Заметив, что Реваз украдкой посматривает на часы, я с большой неохотой решаюсь несколькими наводящими вопросами перевести рассказ Ноны на то, что представляет для меня особенный интерес. Влияли ли каким-либо образом родители на занятия юного Маяковского искусством, литературой?
Нона оживленно кивает.
— Даже очень. Отец и мать были в этом отношении людьми одаренными. Они учили детей познавать и любить красоту окружающего их мира, грузинской природы. Все дети умели рисовать. Володя начал увлекаться рисованием еще до того, как научился читать и писать, а рисовал он хорошо. Любили в доме Маяковских также музыку, пение и танцы. Не обходилось в семье и без чтения. Мать сама писала стихи и рисовала; среди русских писателей она любила Пушкина, Тургенева и Чехова. Любимым писателем отца был Салтыков-Щедрин благодаря сатирическому складу его ума. С почтением он относился и к Крылову за его жизненную мудрость и скрытую иронию, в разговорах отец часто ссылался на его басни. Особенно интересными и полезными для юного Володи были споры о литературе, которые порою велись между родителями.
— А какое мировоззрение прививали детям родители?
— Антимонархическое, демократическое.
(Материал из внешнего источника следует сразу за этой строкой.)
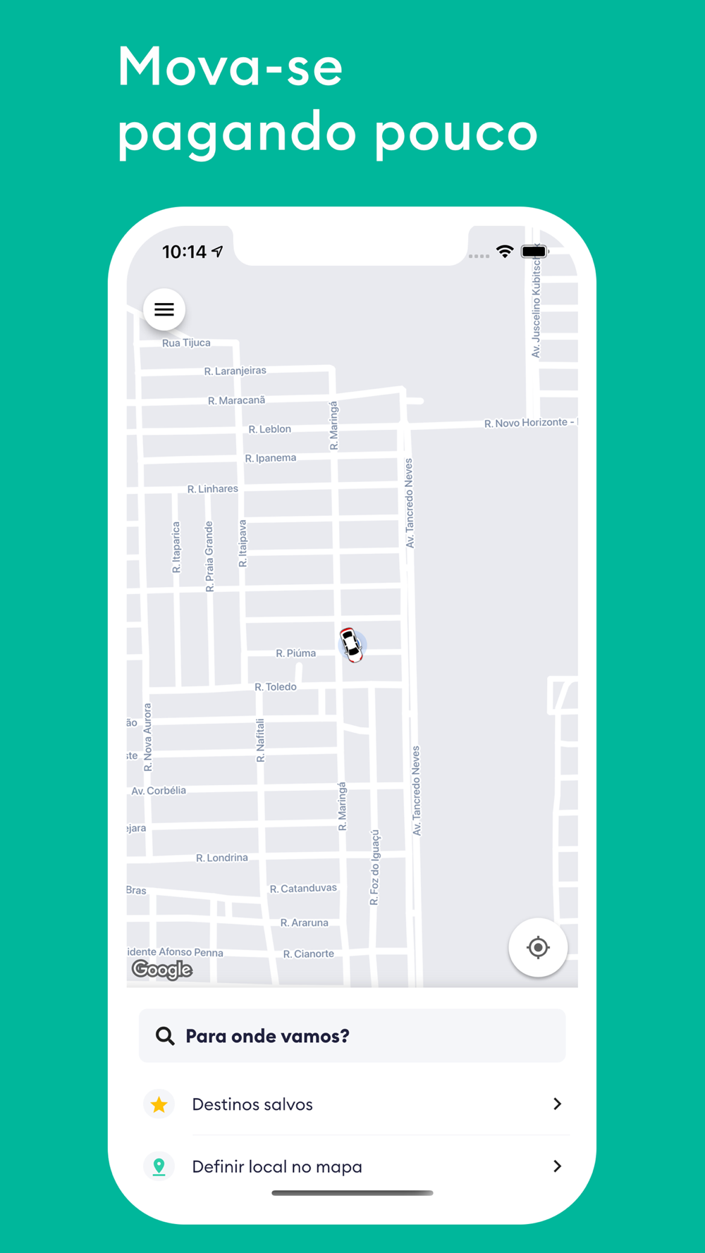 1. Abra o app e defina um destino;

Они обладали на редкость широким для своего времени кругозором, и оба верили в торжество демократии и социализма в России; это проявлялось, в частности, в том, что вместе с детьми они пели студенческие песни…
Нона, кажется, не прочь привести и другие примеры. Я прерываю ее:
— Извините, но у нас совсем мало времени… Последний вопрос: как вы оцениваете связи Маяковского с Грузией?
— Они были тесными и многообразными! — Бледное лицо Ноны заметно оживляется. — Отвечу вам словами стихотворения, которое он написал, когда ему было 30 лет: "Едва ступив ногой на Кавказ, чувствую, что я — грузин. Я знаю: глупость все это — райские кущи! Но когда их воспевали поэты, то имели в виду они Грузию, этот радостный край…" Примерно так это звучит в вольном переводе.
— Что, Маяковский говорил и по-грузински?
— Да, грузинским языком владели все члены семьи, поэтому они и были тесно связаны с грузинским народом и его культурой. Эту связь Владимир поддерживал в течение всей своей жизни. На демонстрации рабочих во время первой русской революции одиннадцатилетний тогда гимназист бежал по улицам Кутаиси и громко, на грузинском языке, агитировал жителей, декламируя стихотворение "Вперед!", написанное нашим пролетарским поэтом Евдошвили… Такие грузинские поэты, как Симон Чиковани и Георгий Леонидзе, подтверждают, что по-грузински Маяковский хорошо говорил и в более поздние годы, с пристальным вниманием следил за развитием грузинской литературы, особенно лирики. "Товарищ Володя" — так с любовью называли его грузинские коллеги. Многие из них были его близкими друзьями.
Я горячо благодарю страстную почитательницу Маяковского Нону, и мы вновь оказываемся в пути.